Quando em 1998 aceitou o convite para o encontro pelo 650º aniversário da conclusão da fábrica da abadia de Viboldone, encontrando-se com seu amigo monge Ghislain Lafont, reforçou o mandato para a comunidade: "Estar atento, escutar, aceitar, deixar-se impressionar pelos valores alheios, expressando livremente os próprios. Tudo isso é o que se requer de cada comunidade monástica no coração da cidade ou nas margens da cidade, mas sempre como lugar de referência: o valor fundamental a ser testemunhado é a humildade”. Um tema muito caro para ele: "Há um princípio simples, típico do cristão, que o monge assume em sua plena radicalidade: construir a unidade de sua vida em torno do primado de Deus. Vocês sabem bem que isso também é uma prioridade para o nosso caminho diocesano. Tudo o que vocês fazem para realizar esse altíssimo ideal é, portanto, também um serviço concreto à nossa diocese”.
A plena expressão do cuidado e do magistério do “nosso” Martini nos foi doado por sua última cátedra: a alta herança de sua enfermidade. Várias vezes fui recebida por ele, e não sozinha. Ele encorajava, com voz fraca que mal deixava entender as palavras, e a mensagem era forte e decidida, até mesmo impetuosa. Nas dificuldades e tribulações atravessadas pela comunidade, confirmava: seguir em frente com confiança, por uma causa comum; toda a Igreja que vai assumindo conotações minoritárias, “aprende com vocês a arte de resistir na esperança”. O estilo do encontro havia mudado profundamente: nenhuma distância (apesar das limitações da doença), afabilidade, até doçura, visivelmente sensível a todo sinal de afeto: permanece impresso seu sorriso infantil de satisfação quando - sabendo-o aflito pela hospitalização - ousei lhe levar um presente, junto com o livro de Mestre Eckhart, O Homem Nobre, um frasco de água de colônia.
O último encontro, inesquecível: da poltrona em que estava afundado quis levantar-se com as pernas trêmulas para um abraço que, inesperado, quase me dominou. "O amor de Deus acima de tudo" foi sua resposta à irmã que, comigo, lhe perguntava: "Abá, diga-me uma palavra". Na extrema espoliação da doença mortal, na nudez de deixar um legado sem vê-lo acolhido, a mansidão como forma de viver "completamente" a história.
Alguns dias depois ele daria aquela entrevista que foi lida como testamento espiritual.

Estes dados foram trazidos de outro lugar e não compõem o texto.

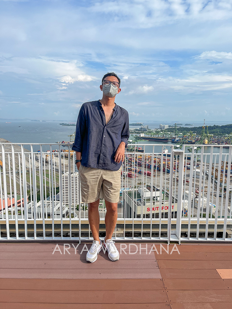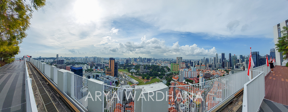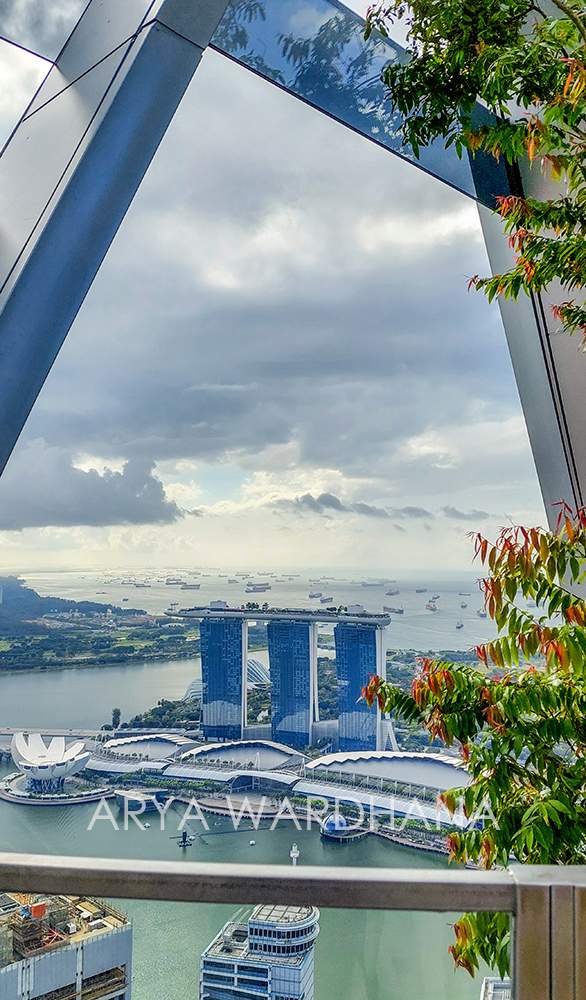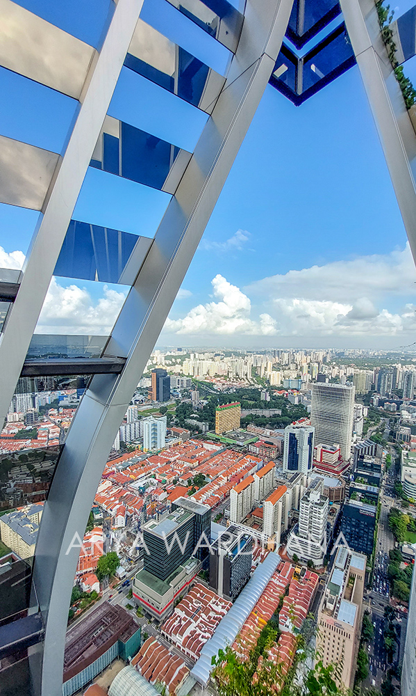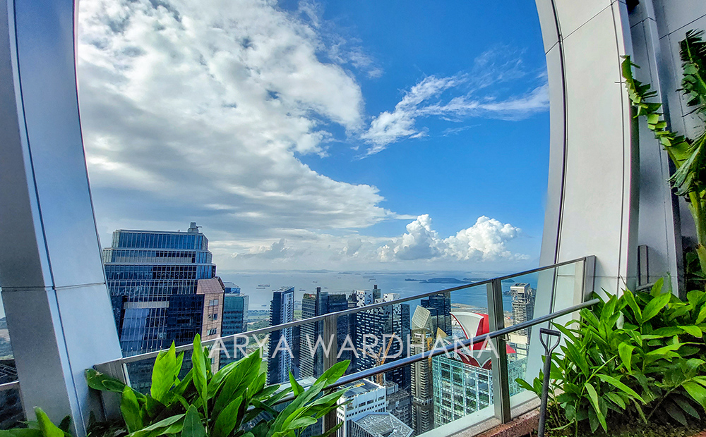 Sesampainya di lantai 50, kita akan menemukan sebuah pintu yang harus di-tap dengan kartu tadi. Ingat ya, hanya bisa sekali tap. Lalu sampailah kita ke area sky garden. Perlu kalian perhatikan, di atas jika cuaca cerah akan terasa cukup panas, selain itu anginnya berhembus cukup kencang. Beruntungnya saat kami naik, cuacanya cerah tapi teduh, meski anginnya berhembus kencang. Kami masuk melalui tower paling selatan. Pemandangan yang langsung kita lihat adalah Tanjong Pagar Terminal, sebuah area pelabuhan peti kemas, serta 2 terminal lainnya di kejauhan, yaitu Keppel dan Brani. Lebih jauh lagi, kalian bisa melihat Pulau Sentosa. Sisi sebelah timur, ada banyak gedung tinggi dari kawasan CBD. Selain itu kita bisa melihat Marina Bay Sands di kejauhan. Lalu di sebelah utara, pemandangannya langsung ke Chinatown dan juga pusat kota. Sedangkan sebelah barat, lebih banyak didominasi dengan pemandangan perkotaan dan gedung-gedung apartemen, serta Singapore General Hospital.
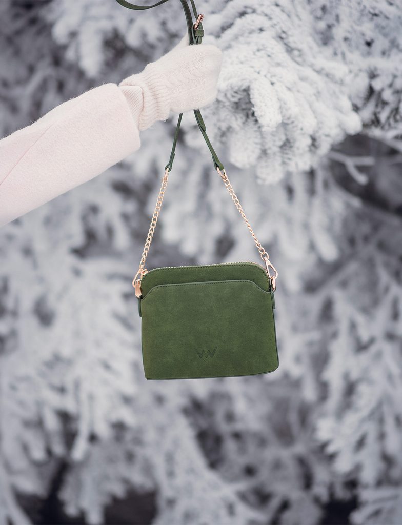 Fossy Mini Suede Green semiš crossbody torbica z verižico

Mas o que ele disse, já sem voz, mas com paixão ardente - excesso revelador - antecipava todo o conteúdo. Ecos inacianos ressoavam altos naquele corpo quenótico, agora consumido, enrijecido pelo mal, mas transbordante de fé, afetos, dom de herança vital:"Não conhecer limites nas maiores coisas, estar porém circunscrito ao menor, é divino" (1)
1.- "Non coerceri a maximo, contineri tamen a minimo, divinum est" é a frase em latim, de um jesuíta desconhecido, autor de Imago Primum Saeculi S.J., retratando Santo Inácio. (citado em Karl Rahner, Inácio, Homem de Igreja, Porto, 1966, p. 20).